Although you should be using MD5 or SHA256 for password security, Type 7 passwords are still in use and so I thought this would be a fun learning exercise.
The ‘service password-encryption‘ or Type 7 password is based on a known proprietary weak encryption algorithm using XOR and can be recognized in the configuration file as,
password 7 030752180500
Note: Type 5 uses MD5 and looks similar to this,
enable secret 5 $1$OB1J$tNsFgEZ4kD1qituaAeYfa0
There are plenty of scripts or websites that can crack Type 7 passwords in less than a second, including one on Cisco’s website. This example will show how this can be done with just pen and paper.
First, an overview of the XOR operation and encryption is needed. The XOR operator returns a 1 when the value of either the first bit or the second bit is a 1 and returns a 0 when neither or both of the bits is 1. Notice the chart below,
| First Bit | Second Bit | Result |
| 0 | 0 | 0 |
| 0 | 1 | 1 |
| 1 | 0 | 1 |
| 1 | 1 | 0 |
Converting plaintext to ciphertext using XOR : Starting with the plaintext, “Go“, convert the ASCII representation into binary format. G = 01000111 and o = 01101111.
To convert this into ciphertext we will XOR with a key. For example, key = A = 01000001.
| Plain Text : G | Key : A | Cipher Text |
| 0 | 0 | 0 |
| 1 | 1 | 0 |
| 0 | 0 | 0 |
| 0 | 0 | 0 |
| 0 | 0 | 0 |
| 1 | 0 | 1 |
| 1 | 0 | 1 |
| 1 | 1 | 0 |
| Plain Text : o | Key : A | Cipher Text |
| 0 | 0 | 0 |
| 1 | 1 | 0 |
| 1 | 0 | 1 |
| 0 | 0 | 0 |
| 1 | 0 | 1 |
| 1 | 0 | 1 |
| 1 | 0 | 1 |
| 1 | 1 | 0 |
The Ciphertext is now represented by, 00000110 00101110, or in hex 06 2E. Decrypting the Ciphertext is just reversing the process using the same key. Work the problem yourself to prove you can get the original Plaintext.
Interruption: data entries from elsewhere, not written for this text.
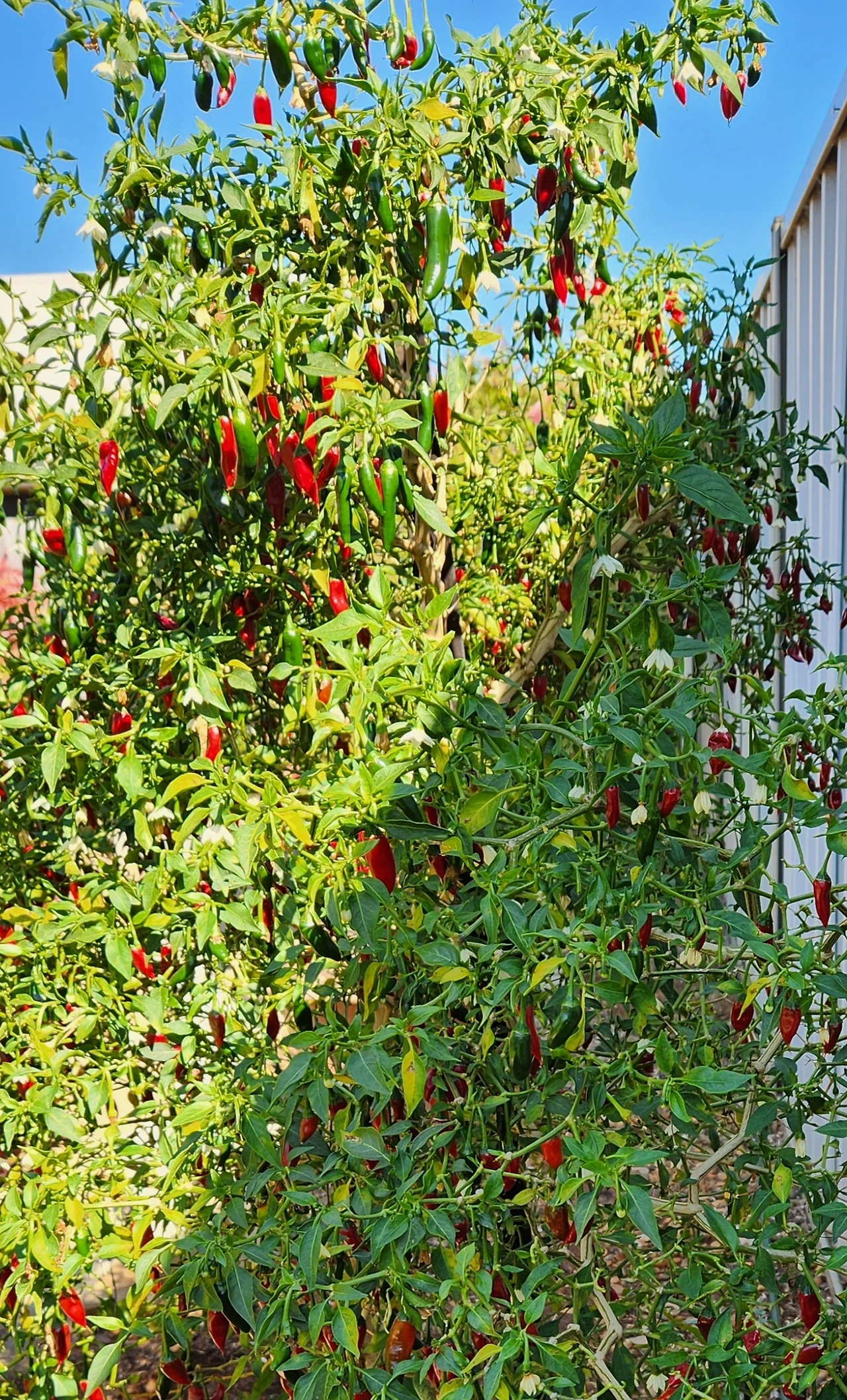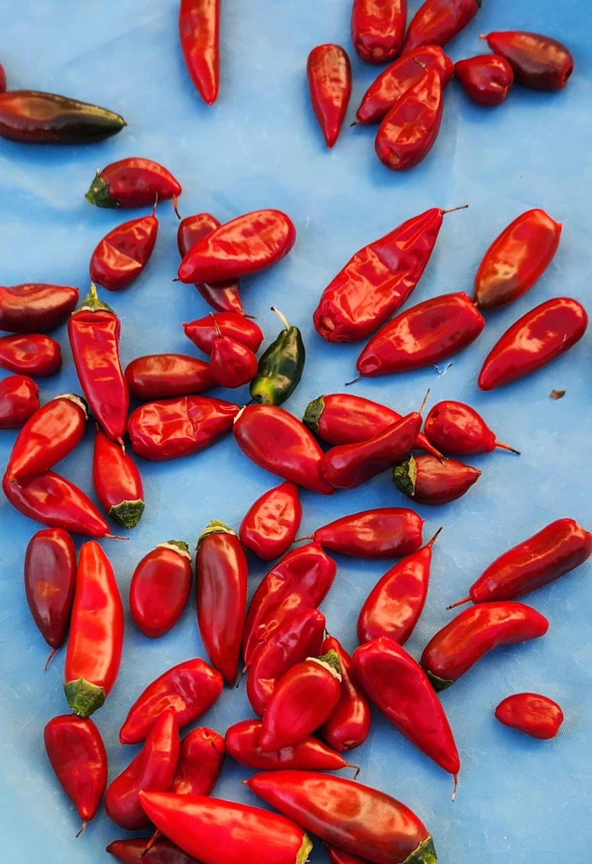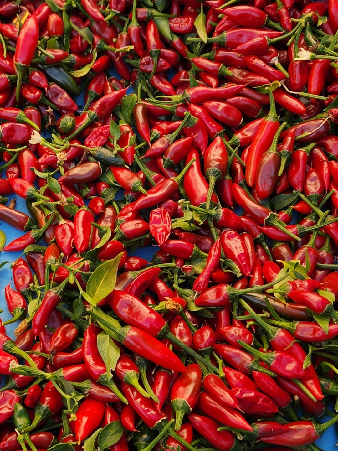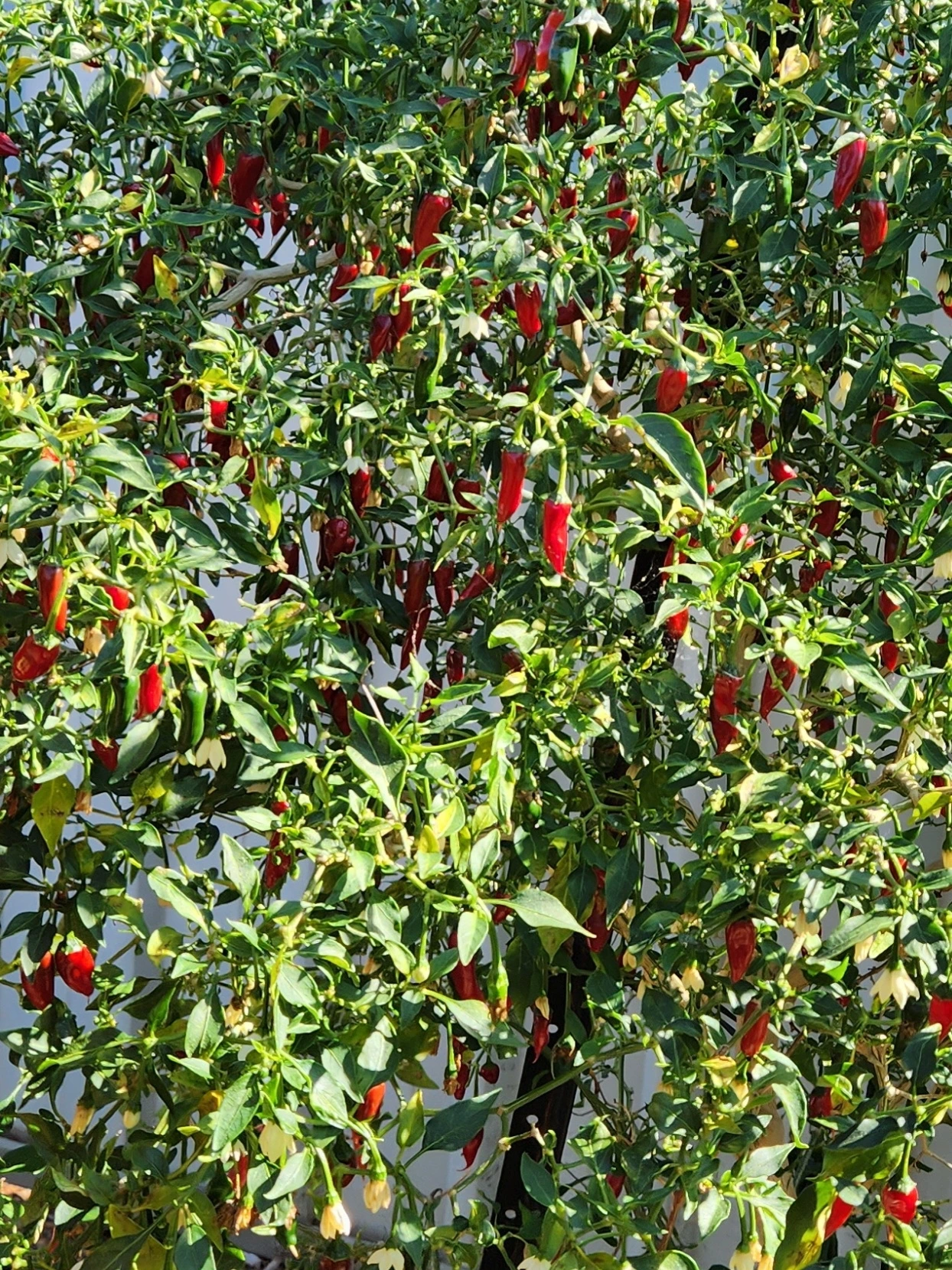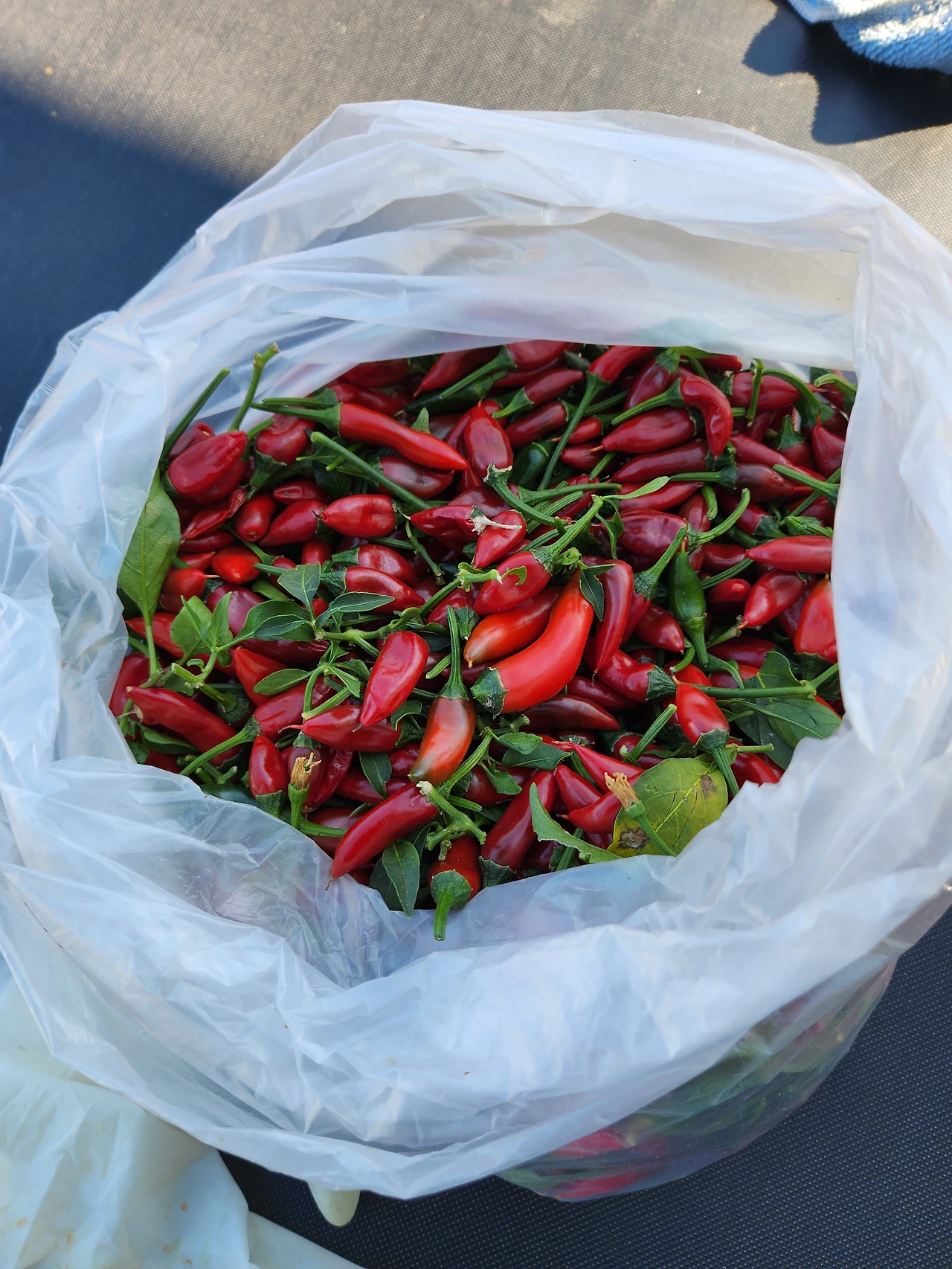 칼리 할매네 고추나무 한 그루의 붉은 자손은 청명 하늘 별마을만큼이나 총총총.. 못 셀 정도로 하고많다. 할매랑, 그 댁 딸네랑, 그 댁 이웃인 내가 돌아가며 추수했다. 캬, 대박 났다.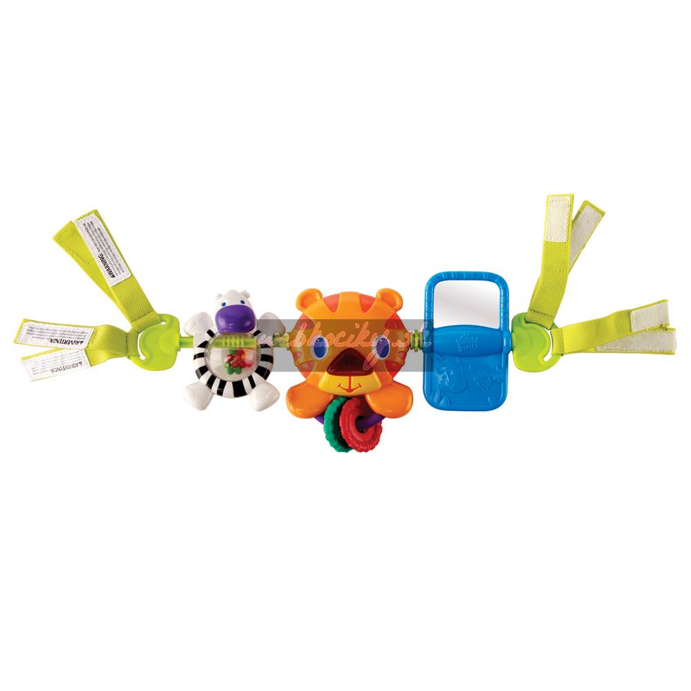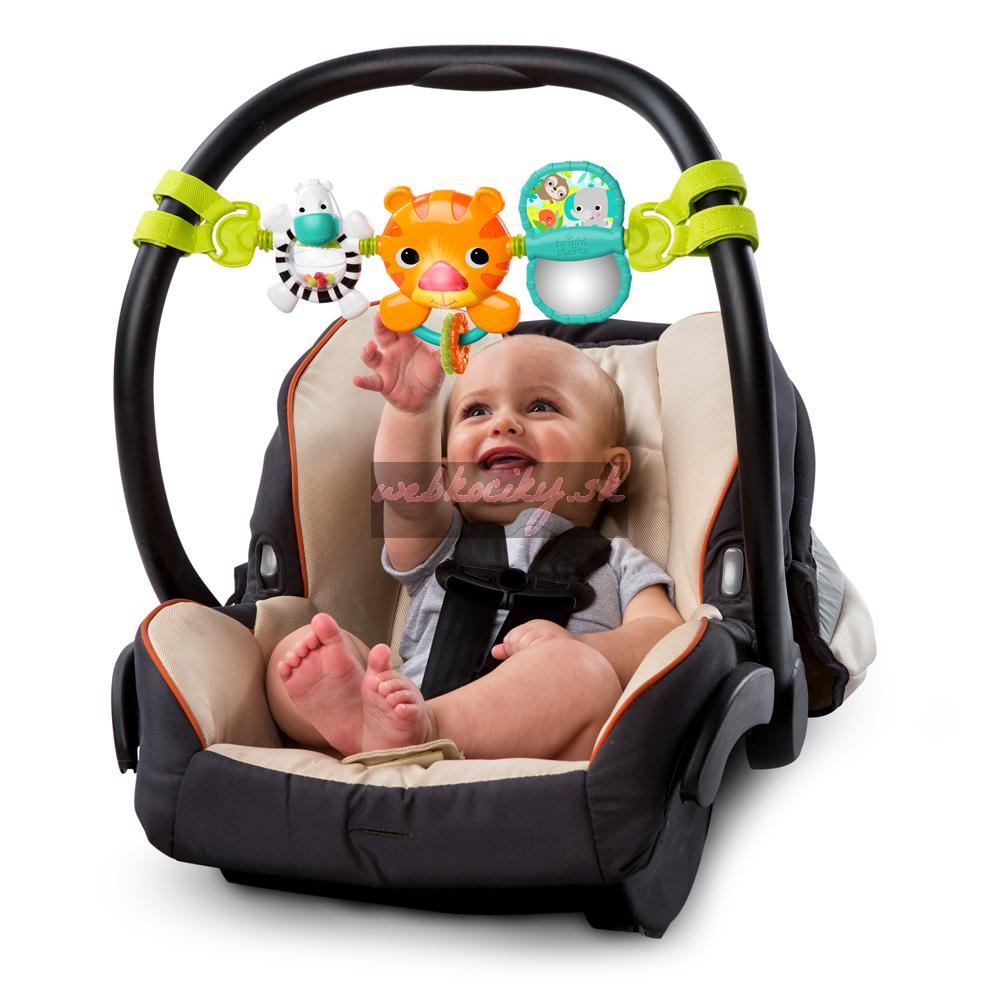 Hračka do kočíka je vhodná pre deti od narodenia. Nos tigra sa rozsvieti a zahrá 4 melódie, keď ho dieťa stlačí, zebra sa otáča dookola a vo vnútri nej hrkajú farebné korálky av otočnom zrkadle sa môže dieťa samo vidieť. Hračku možno ľahko uchytiť na väčšinu kočíkov alebo autosedačiek.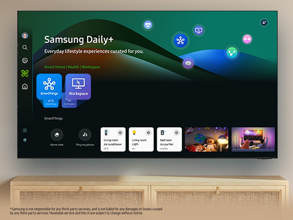 Through Samsung Tizen OS’s open app ecosystem, Daily+ enables you to easily manage your daily activities and lifestyle from the comfort of your TV. Daily+ includes apps and services like SmartThings and Workspace.
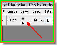 You can see how the Brush Tip looks like on the top panel. Here is a trick. Keeping SHIFT pressed click the [ (left bracket key). This will make the Brush tip softer. Click the ] (right)bracket key while keeping the SHIFT pressed will make it harder.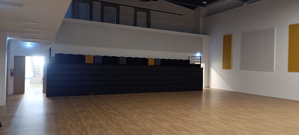 Elle présente l’avantage de communiquer directement avec la Salle 3, permettant ainsi d’agrandir l’espace en fonction des besoins.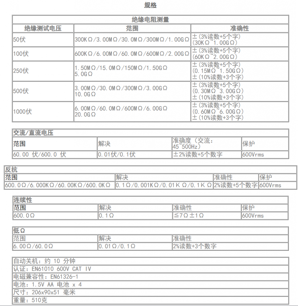 • 绝缘测试电压为 50V、100V、250V、500V 和 1000V

In our example, we will try to decrypt the following cisco password,
password 7 030752180500
The first two bytes, 03 , are a randomly generated index into the known cisco key. The remaining bytes in ascii-hex represent the encrypted password. Spacing out the string, 07 52 18 05 00 , you can see the password is 5 characters long. Remember, each character consists of 8 bits. You must XOR each of these with the key in order to get the plaintext.
The key is derived from the following “Magic block” shown in hexadecimal,
0x64, 0x73, 0x66, 0x64, 0x3b, 0x6b, 0x66, 0x6f, 0x41, 0x2c, 0x2e, 0x69, 0x79, 0x65, 0x77, 0x72, 0x6b, 0x6c, 0x64, 0x4a, 0x4b, 0x44
Each one is numbered starting with zero, so the index 03 would be the forth number in the list or 0x64. The index will be incremented by 1 each time you XOR the key against the ciphertext.
After converting the hex numbers into binary, the first computation would be,
| Cipher Text : 0x07 | Key : 0x64 | Plain Text |
| 0 | 0 | 0 |
| 0 | 1 | 1 |
| 0 | 1 | 1 |
| 0 | 0 | 0 |
| 0 | 0 | 0 |
| 1 | 1 | 0 |
| 1 | 0 | 1 |
| 1 | 0 | 1 |
The result of the Plaintext 01100011 in ascii would be the letter ‘c‘. Incrementing the index to the next key 0x3b and XOR’ing with the next Ciphertext 52 yields,
| Cipher Text : 0x52 | Key : 0x3b | Plain Text |
| 0 | 0 | 0 |
| 1 | 0 | 1 |
| 0 | 1 | 1 |
| 1 | 1 | 0 |
| 0 | 1 | 1 |
| 0 | 0 | 0 |
| 1 | 1 | 0 |
| 0 | 1 | 1 |
The result of the Plaintext 01101001 in ascii would be the letter ‘i‘. Continuing the process and incrementing the index and XOR’ing the remaining Ciphertext reveals,
CipherText : 0x18 = 00011000 0x05 = 00000101 0x00 = 00000000 Key : 0x6b = 01101011 0x66 = 01100110 0x6f = 01101111 PlainText 01110011 01100011 01101111 Ascii 's' 'c' 'o'
The final results show the password string 030752180500 equals the word ‘cisco‘.